GSA Connects 2022 meeting in Denver, Colorado

Paper No. 87-14
Presentation Time: 11:30 AM

EXAMINING A NOVEL ROLE FOR IRON REDOX CYCLING AND THE LITHIFICATION OF MICROBIAL MATS IN THE ROCK RECORD


RASMUSSEN, Kalen1, PETRYSHYN, Victoria A.2, BERELSON, Will3, SPEAR, John4, CASSADY, Victoria5, STEVENSON, Bradley6 and CORSETTI, Frank5, (1)Department of Civil and Environmental Engineering, Colorado School of Mines, Golden, CO 80401-1887; Department of Civil and Environmental Engineering, Colorado School of Mines, 1500 Illinois Street, Golden, CO 80401-1887, (2)Environmental Studies Program, University of Southern California, Los Angeles, CO 90089, (3)USCEarth Sciences, Los Angeles, CA 90089, (4)Department of Civil and Environmental Engineering, Colorado School of Mines, 1500 Illinois Street, Golden, CO 80401-1887, (5)Department of Earth Sciences, University of Southern California, 3651 Trousdale Pkwy, ZHS 119, Los Angeles, CA 90089, (6)Department of Earth and Planetary Sciences, Northwestern University, Norman, OK 73019

Stromatolites, macroscopic laminated lithified structures commonly attributed to the activity of microbial mats, constitute the most abundant record of life from early Earth and can preserve information of their pre-lithified environment and biology, making them ideal for the study of early Earth and possibly other planets.
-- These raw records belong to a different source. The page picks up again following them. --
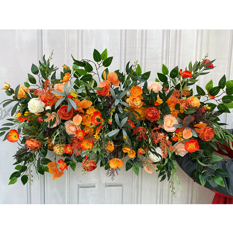 Autumn orange red wedding decoration decoration flower row props flower door arch row flower road lead catwalk simulation silk flower wedding
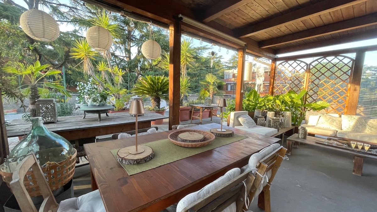 Ovo jedinstveno rustikalno, ali elegantno potkrovlje je puno detalja od drveta, metala i kamena, a sve je to napravio Giulio, njegov vlasnik. Fantastična terasa će vam oduzeti dah. Šta kažete na kafu sa papučama dok razmišljate o Koloseju ili promatranju zalaska sunca iza vatikanske sjene iz kolibe? Nalazi se nekoliko minuta od stanice Termini, ali je i dalje miran dom. Pristup stanu se vrši stepenicama. Doručak je na naš račun!
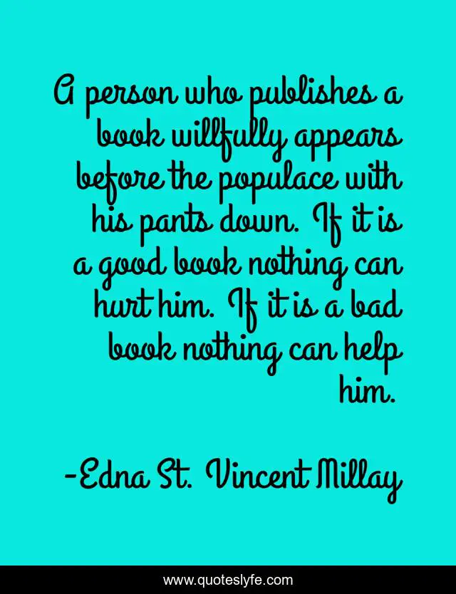 This page presents the quote "A person who publishes a book willfully appears before the populace with his pants down. If it is a good book nothing can hurt him. If it is a bad book nothing can help him.". Author of this quote is Edna St. Vincent Millay. This quote is about writers, publishing, writing,.
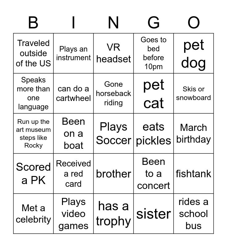 This bingo card has a free space and 24 words: Received a red card, Plays video games, Gone horseback riding, Met a celebrity, pet dog, Traveled outside of the US, Speaks more than one language, Plays an instrument, eats pickles, brother, pet cat, Run up the art museum steps like Rocky, Been to a concert, fishtank, can do a cartwheel, sister, March birthday, VR headset, Skis or snowboard, Been on a boat, rides a school bus, Scored a PK, Goes to bed before 10pm and has a trophy.
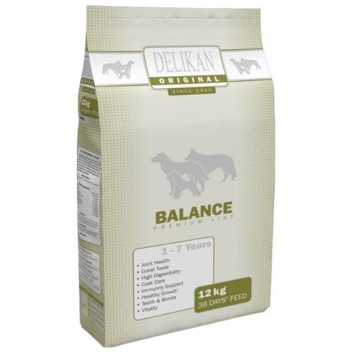 Kompletní prémiové krmivo pro dospělé psy všech plemen. Krmivo obsahuje sušené drůbeží maso, které je jedinečným zdrojem obsahu bílkovin. Obsah bílkovin a tuků je přizpůsobený potřebám psů s normální aktivitou. DELIKAN ORIGINAL BALANCE výborně pokrývá veškeré potřeby psa, proto není nutné k němu přidávat jakékoliv doplňky. Bez sóji, barviv a chemických konzervantů. Složení: pšenice, dehydrované drůbeží maso – 28 %, drůbeží tuk – 8 %, sušená řepná dužina, sušená jablka, hydrolyzovaná drůbeží játra, rozmarýnový olej, glukosamin – 200 mg/kg, chondroitin sulfát – 150 mg/kg , Yucca Schidigera, minerální látky a vitaminy. Analytické složky: hrubý protein 23 %, hrubý tuk 11 %, hrubý popel 6,3 %, hrubá vláknina 2,7 %. Krmný návod: Krmivo podáváme v suchém stavu, popřípadě přelité vlažnou vodou nebo vlažným vývarem. Po přelití doporučujeme podávat za 10 minut, až granule nasáknou tekutinu. Zvířeti je nutno zajistit dostatek čerstvé vody k pití. Skladování: Krmivo skladujte v suchém, chladném a vzdušném místě.

However, the processes that drive lithification in microbial mats remain difficult to discern in the rock record. Carbonate mineral stromatolites are the most abundant type of stromatolite throughout geological time, with photosynthesis, sulfate reduction, or degradation of extracellular polymeric substances cited as the most common lithification drivers. However, if photosynthesis alone induced lithification, stromatolites would be ubiquitous throughout the ancient and modern eras, yet they are not. The most abundant records of stromatolites are from the Archean and Proterozoic, a time when sulfate concentrations were likely low, and lastly, not all biomats possess significant amounts of EPS nor are all EPS-rich biomats lithified. Thus, a different process may have occurred in ancient systems that fostered rapid lithification of stromatolitic mats. Here, we investigate the hypothesis that photosynthesis coupled to iron cycling in microbial mats may lead to lithification, an avenue not previously explored.

To test this hypothesis, we have constructed geochemical models examining the alkalinity boost provided by the proposed conceptual model and used a modern growing stromatolite to determine the genetic potential of stromatolite building microorganisms and geochemical changes under light and dark conditions. Geochemical modeling indicates a much larger alkalinity boost as a result of dissimilatory iron reduction compared to sulfate reduction. Furthermore, geochemical sampling performed at Obsidian Pool Prime Hot Spring (Yellowstone National Park) revealed that under dark conditions the stromatolites mobilized more iron in the form of Fe(II) compared to light conditions. Lastly, 16S rRNA gene and metagenome sequencing revealed the abundance of microorganisms possessing the required genes to perform iron reduction within the stromatolites. These results support the hypothesis that iron reduction may act as a potential mechanism for stromatolite lithification.